=== Source information ===

☆ ☆ ☆

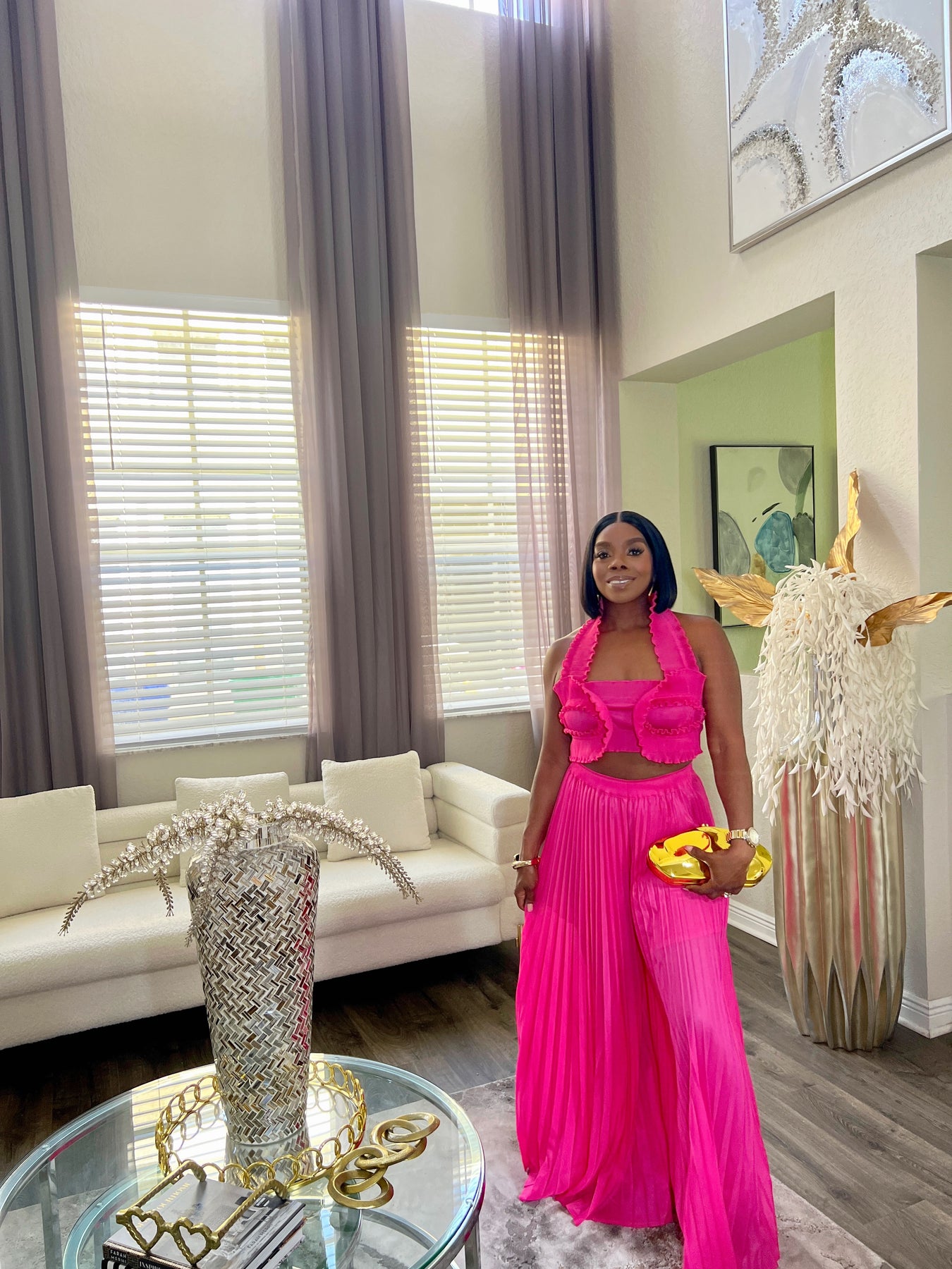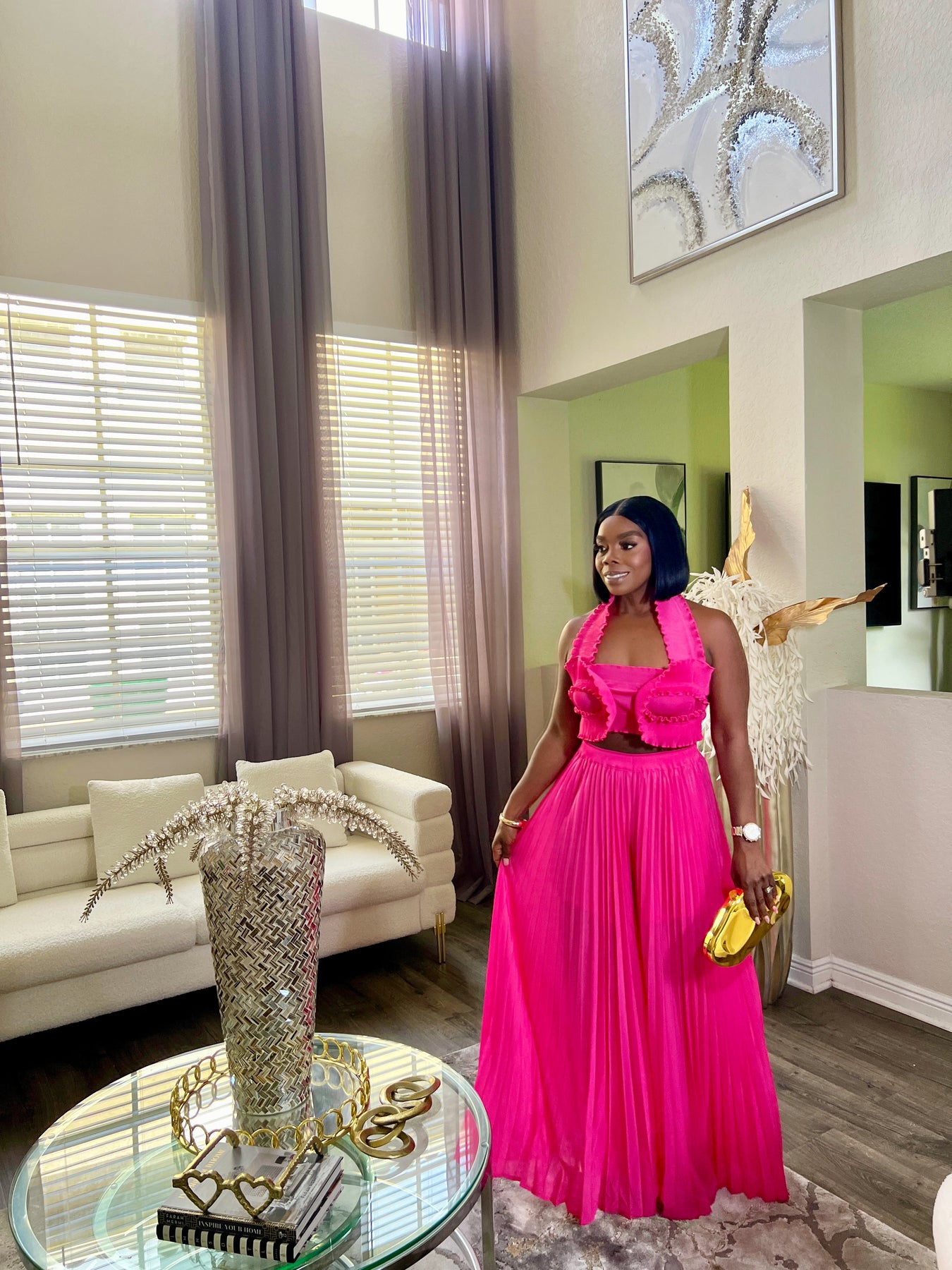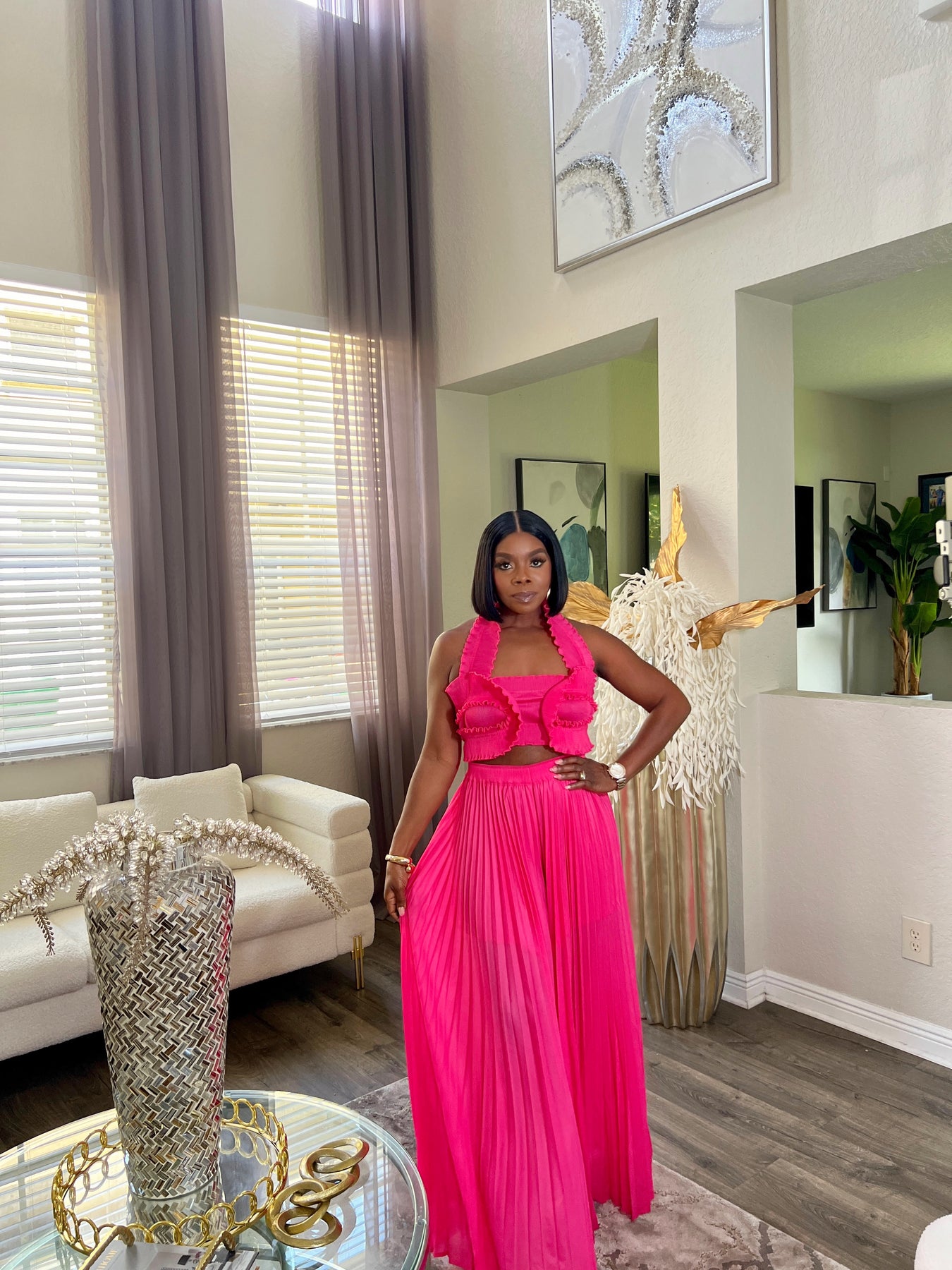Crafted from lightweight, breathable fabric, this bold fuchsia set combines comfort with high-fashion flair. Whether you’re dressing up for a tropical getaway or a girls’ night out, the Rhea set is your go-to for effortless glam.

☆ ☆ ☆

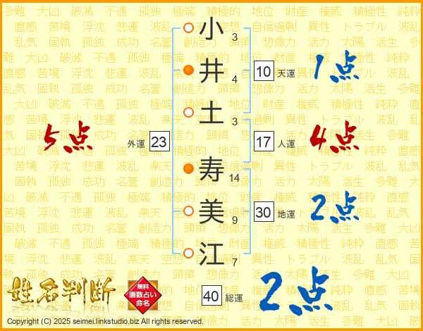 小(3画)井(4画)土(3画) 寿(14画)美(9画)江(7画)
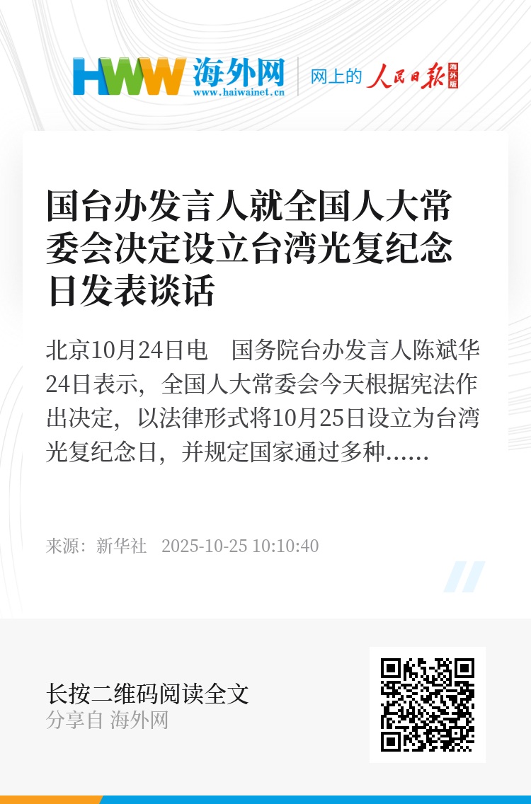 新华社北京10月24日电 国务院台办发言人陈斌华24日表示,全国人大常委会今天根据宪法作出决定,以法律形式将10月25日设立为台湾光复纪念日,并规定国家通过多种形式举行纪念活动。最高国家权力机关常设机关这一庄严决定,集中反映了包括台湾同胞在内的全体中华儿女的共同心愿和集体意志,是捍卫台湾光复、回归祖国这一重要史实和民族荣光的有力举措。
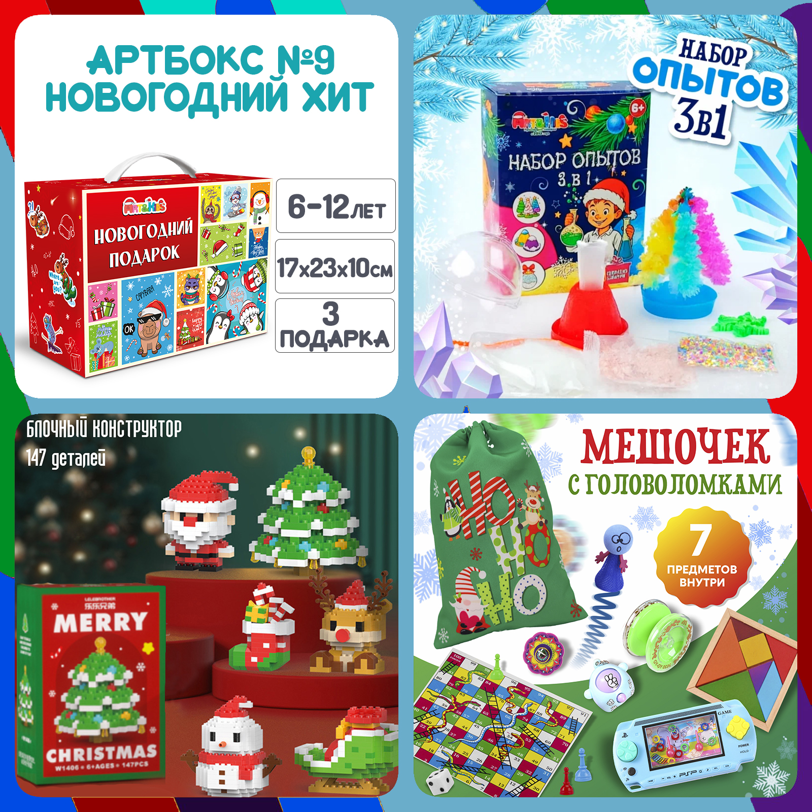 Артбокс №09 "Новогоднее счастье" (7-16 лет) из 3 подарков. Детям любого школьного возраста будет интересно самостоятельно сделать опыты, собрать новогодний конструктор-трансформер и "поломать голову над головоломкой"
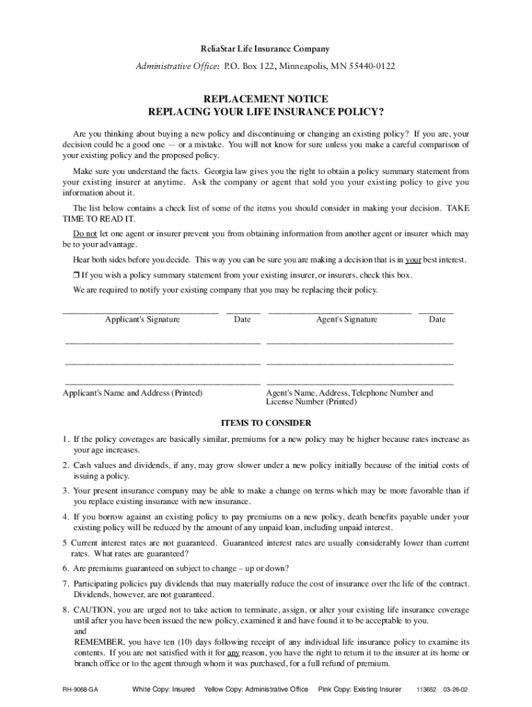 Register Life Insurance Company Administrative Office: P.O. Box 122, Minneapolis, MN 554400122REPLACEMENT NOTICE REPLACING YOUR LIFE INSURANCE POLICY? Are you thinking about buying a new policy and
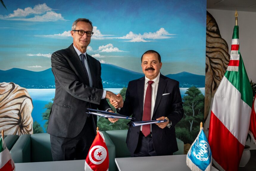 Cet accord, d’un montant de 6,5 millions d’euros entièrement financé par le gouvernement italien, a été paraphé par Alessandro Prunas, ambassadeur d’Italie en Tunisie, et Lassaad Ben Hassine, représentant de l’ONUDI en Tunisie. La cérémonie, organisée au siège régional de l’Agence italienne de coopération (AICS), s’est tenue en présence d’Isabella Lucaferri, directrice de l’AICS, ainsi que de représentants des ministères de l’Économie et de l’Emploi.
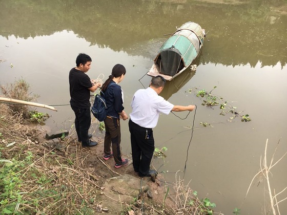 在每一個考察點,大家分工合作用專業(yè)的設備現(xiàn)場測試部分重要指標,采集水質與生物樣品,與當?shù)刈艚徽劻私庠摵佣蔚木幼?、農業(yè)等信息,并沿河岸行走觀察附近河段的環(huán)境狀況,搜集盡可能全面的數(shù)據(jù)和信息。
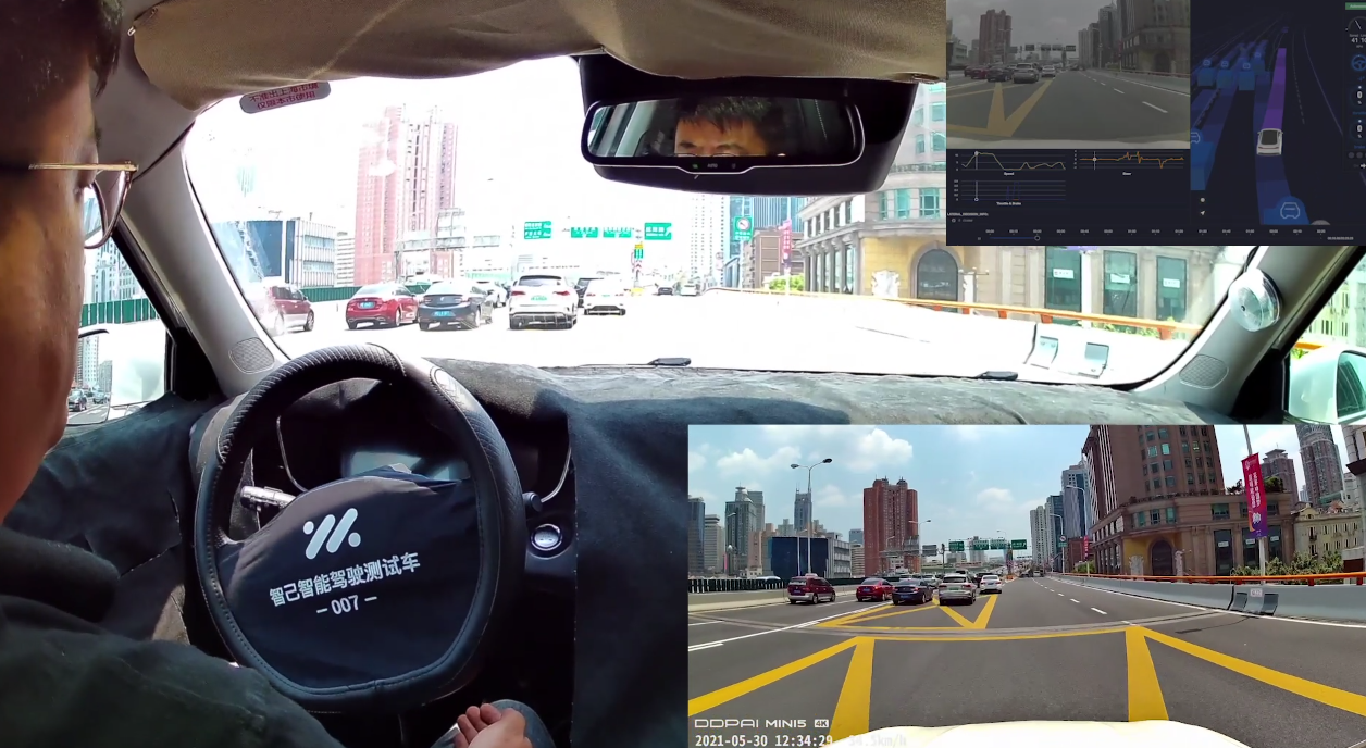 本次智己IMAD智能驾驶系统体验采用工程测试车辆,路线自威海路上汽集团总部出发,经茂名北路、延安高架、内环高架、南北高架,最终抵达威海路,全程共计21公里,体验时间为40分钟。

☆ ☆ ☆

=== How to complete this task ===
Both the line containing "小(3画)井(4画)土(3画) 寿(14画)美(9画)江(7画)" and the line containing "Register Life Insurance" above belong in the output, as do the lines between them. Print them exactly, without pictures.

=== Task answer ===
 小(3画)井(4画)土(3画) 寿(14画)美(9画)江(7画)
 新华社北京10月24日电 国务院台办发言人陈斌华24日表示,全国人大常委会今天根据宪法作出决定,以法律形式将10月25日设立为台湾光复纪念日,并规定国家通过多种形式举行纪念活动。最高国家权力机关常设机关这一庄严决定,集中反映了包括台湾同胞在内的全体中华儿女的共同心愿和集体意志,是捍卫台湾光复、回归祖国这一重要史实和民族荣光的有力举措。
 Артбокс №09 "Новогоднее счастье" (7-16 лет) из 3 подарков. Детям любого школьного возраста будет интересно самостоятельно сделать опыты, собрать новогодний конструктор-трансформер и "поломать голову над головоломкой"
 Register Life Insurance Company Administrative Office: P.O. Box 122, Minneapolis, MN 554400122REPLACEMENT NOTICE REPLACING YOUR LIFE INSURANCE POLICY? Are you thinking about buying a new policy and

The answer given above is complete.